Leaky ReLU as an Activation Function in Neural Networks

Rectified Linear Unit, also known as ReLU overcame some of the serious disadvantages of the earlier used activation functions such as Sigmoid and Hyperbolic Tangent activation functions. These include the exploding gradients and vanishing gradients problem. ReLU overcame these problems and it was fast and simple to calculate. However, despite all this it was far from perfect. It came with its own set of disadvantages, such as being non-differentiable at 0. But the more serious one is that, during training times, it can cause something known as dead neurons. To overcome this serious defect of dying neurons, a new activation function was suggested, the Leaky ReLU activation function.

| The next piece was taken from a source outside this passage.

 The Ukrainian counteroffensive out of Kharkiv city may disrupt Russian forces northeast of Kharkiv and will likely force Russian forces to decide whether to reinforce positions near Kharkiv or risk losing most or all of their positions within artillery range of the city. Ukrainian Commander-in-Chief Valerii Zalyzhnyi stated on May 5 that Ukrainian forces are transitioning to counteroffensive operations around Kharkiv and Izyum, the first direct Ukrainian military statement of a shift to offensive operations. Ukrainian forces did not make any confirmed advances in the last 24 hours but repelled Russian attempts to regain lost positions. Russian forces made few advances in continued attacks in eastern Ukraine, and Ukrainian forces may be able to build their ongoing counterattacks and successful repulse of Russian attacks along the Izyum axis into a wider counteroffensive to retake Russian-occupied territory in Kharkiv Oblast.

It is quite similar to the ReLU activation function, except that it just has a small leak. So instead of outputting a 0 for all negative values, it outputs a value of -αx when x is negative. For positive values of x, it simply outputs x. Mathematically, the Leaky ReLU activation function can be written as-

y = LeakyReLU(x) = max(αx, x)

The amount of leak is determined by the value of hyper-parameter α. It’s value is small and generally varies between 0.01 to 0.1-0.2. Similar to ReLU, Leaky ReLU is continuous everywhere but it is not differentiable at 0. The derivative of the function is 1 for x>0, and α for x<0.

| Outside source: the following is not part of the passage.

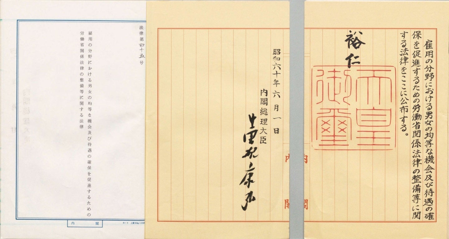 男女雇用機会均等法の公布原本を期間限定特別展示!

The graph for Leaky ReLU function, with α=0.05 is shown below-

Leaky ReLU Activation Function Graph
Fig 1. Leaky ReLU Activation Function

Due to this leak, the problem of dead neurons is avoided. Further, a research has found that Leaky ReLU activation functions outperformed the ReLU activation function. Further, Leaky ReLU activation functions with a higher value of leak perform better than those with lower value of leak.

Pros

  • Performs better as compared to traditionally used activation functions such as Sigmoid and Hyperbolic-Tangent functions and even ReLU.
  • It is fast and easy to calculate. The same applies to it’s derivative which is calculated during the backpropagation.
  • It does not saturate for positive values of input and hence does not run into problems related to exploding/vanishing gradients during Gradient Descent.
  • Does not suffer from dying ReLU problem.

Cons

  • Though the function is continuous at all points, it is not differentiable at the point x=0, i.e, at the point x=0, the slope of the graph changes abruptly as can be seen in the graph. Due to this, during the gradient descent its value will ‘bounce around’. Despite this fact, Leaky ReLU works very well in practice.
  • Unlike the Parameterised ReLU or PReLU, the value of α is defined prior to the training and hence cannot be adjusted during the training time. The value of α hence chosen might not be the most optimal value.